How to obtain a permanent free SSL certificate from Let's Encrypt in Docker

1. Cause

The official cerbot is too annoying. It is not recommended to use the acme.sh which is even worse than the wild growth. Here we introduce how to run cerbot in docker to obtain a permanent free SSL certificate from Let's Encrypt.

2. Model Selection

The cerbot certificate will not automatically refresh the date, but acme.sh has this function, which automatically detects expired domain names and renews them at 0:00 am every day.

Choosing docker to run cerbot is to minimize the configuration and meaningless programs in the server for easy management. For example, we don't need to install Python 2.7, git, and pip required by Let's Encrypt on the host machine, the container will configure itself

Original article https://github.com/acmesh-official/acme.sh/wiki/Run-acme.sh-in-docker

3. Pull the image

$ docker pull neilpang/acme.sh

Run docker command in dns mode

$ docker run --rm -it \
 -v "$(pwd)/out":/acme.sh \
 -e Ali_Key="xxxxxx" \
 -e Ali_Secret="xxxx" \
 neilpang/acme.sh --issue --dns dns_ali -d domain.cn -d *.domain.cn

After success, the certificate will be saved in the out folder. You can also specify the path by modifying the first line "$(pwd)/out" above to the path you want to save it.

4. Note

--dns dns_ali

You need to choose according to the DNS mode of your domain name. Obviously, this is Alibaba. So the first two configurations are Ali_Key and Ali_Secret

Ali_Key, Ali_Secret

Need to be obtained from Alibaba Cloud backend

If you don't know the DNS mode of your domain name, you can find it here https://github.com/acmesh-official/acme.sh/wiki/dnsapi

How to obtain the DNS mode and related configuration of a domain name, you can directly contact the customer service of your domain name

Take Tencent as an example

$ docker run --rm -it \
 -v "$(pwd)/out":/acme.sh \
 -e DP_Id="xxxxxx" \
 -e DP_Key="xxxx" \
 neilpang/acme.sh --issue --dns dns_dp -d domain.cn -d *.domain.cn

Tencent acquired DNSPod, so it is dns_dp

At first I thought it was TX_Id, TX_Key, dns_tx, etc.

After searching around, I found that my Alibaba server was working properly, but there was nothing wrong with the steps.

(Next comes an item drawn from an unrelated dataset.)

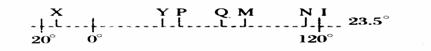 下图为世界地图上的一段纬线和三段经线,X点以西为海洋,N点以东为海洋(Ⅰ处有一岛屿),YP、QM为海洋,XY、PQ、MN为陆地。读图回答第3-4题。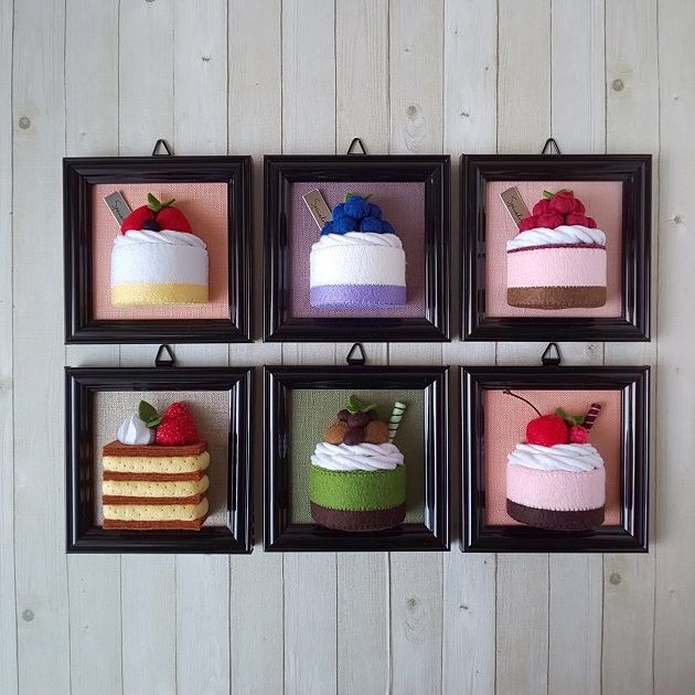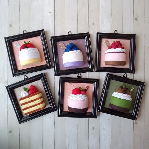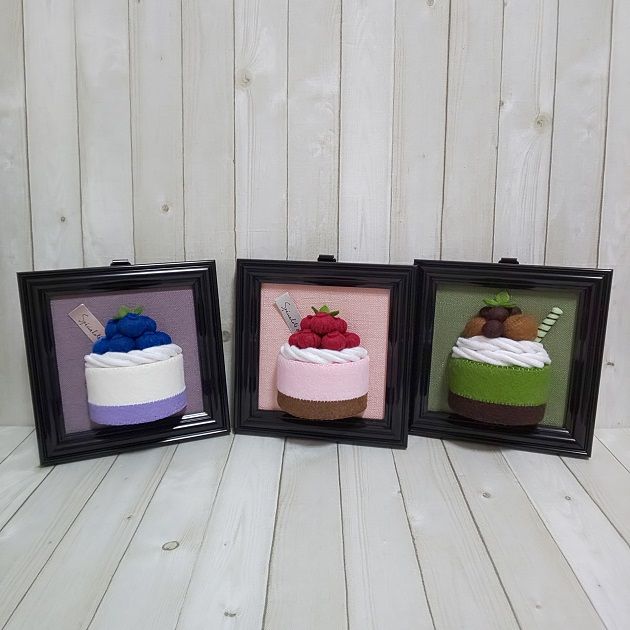 今日は新作☆額縁に入った立体ケーキ、全6種です♪上の段の左から、イチゴのショートケーキ・ブルーベリーケーキ・ラズベリーケーキ下の段の左から、ミルフィーユ・さくらんぼケーキ・抹茶ケーキです立体です☆先日ケーキ以外のものを製作する機会がありそこでフレームを使ったんですがケーキでも使ってみたくて壁に飾れるケーキを作りました。額縁はフレーム枠と土台を組み合わせて作っています。ケーキの背景にはリネン、額縁の裏は黒地×白ドットのUSAコットンを使用しています。自宅用にもプレゼントにもおすすめです♪

So I asked the company to get the domain name account, and then I asked Tencent customer service to find out about this

Of course, this has nothing to do with Tencent, the company that cheated on me is to blame

I have nothing to do with this

5. Commands

The command of docker run --rm is known to everyone. Just exit after running it. This can execute a hammer to automatically update the ssh certificate.

Method 1

Don't use docker run --rm, just use docker run

The advantage is that it is simple, but the disadvantage is that a container is used exclusively for this purpose, which is a waste of resources.

Method 2

The scheduled task runs docker run --rm, and the original example is

#run cron job
docker run --rm -it \
 -v "$(pwd)/out":/acme.sh \
 --net=host \
 neilpang/acme.sh --cron

In fact, --cron is the crontab parameter of Linux, and the specific usage is not cumbersome.

If you like to use crontab, use crontab

If you don't like it, please read the second part of the blog.

Method 3

Tie this thing to the docker daemon, after all, the daemon must be running, so it is not a waste of resources

This is the recommended approach for acme.sh

Same example with original text

$ docker run --rm -itd \
 -v "$(pwd)/out":/acme.sh \
 --net=host \
 --name=acme.sh \
 neilpang/acme.sh daemon

6. Final Result

$ docker run --rm -itd \
 -v "$(pwd)/out":/acme.sh \
 -e DP_Id="xxxxxx" \
 -e DP_Key="xxxx" \
 neilpang/acme.sh --issue --dns dns_dp -d domain.cn -d *.domain.cn daemon

This is the end of this article about how to obtain a permanent free SSL certificate from Let's Encrypt in Docker. For more information about how to obtain a permanent free SSL certificate from Let's Encrypt in Docker, please search for previous articles on 123WORDPRESS.COM or continue to browse the following related articles. I hope you will support 123WORDPRESS.COM in the future!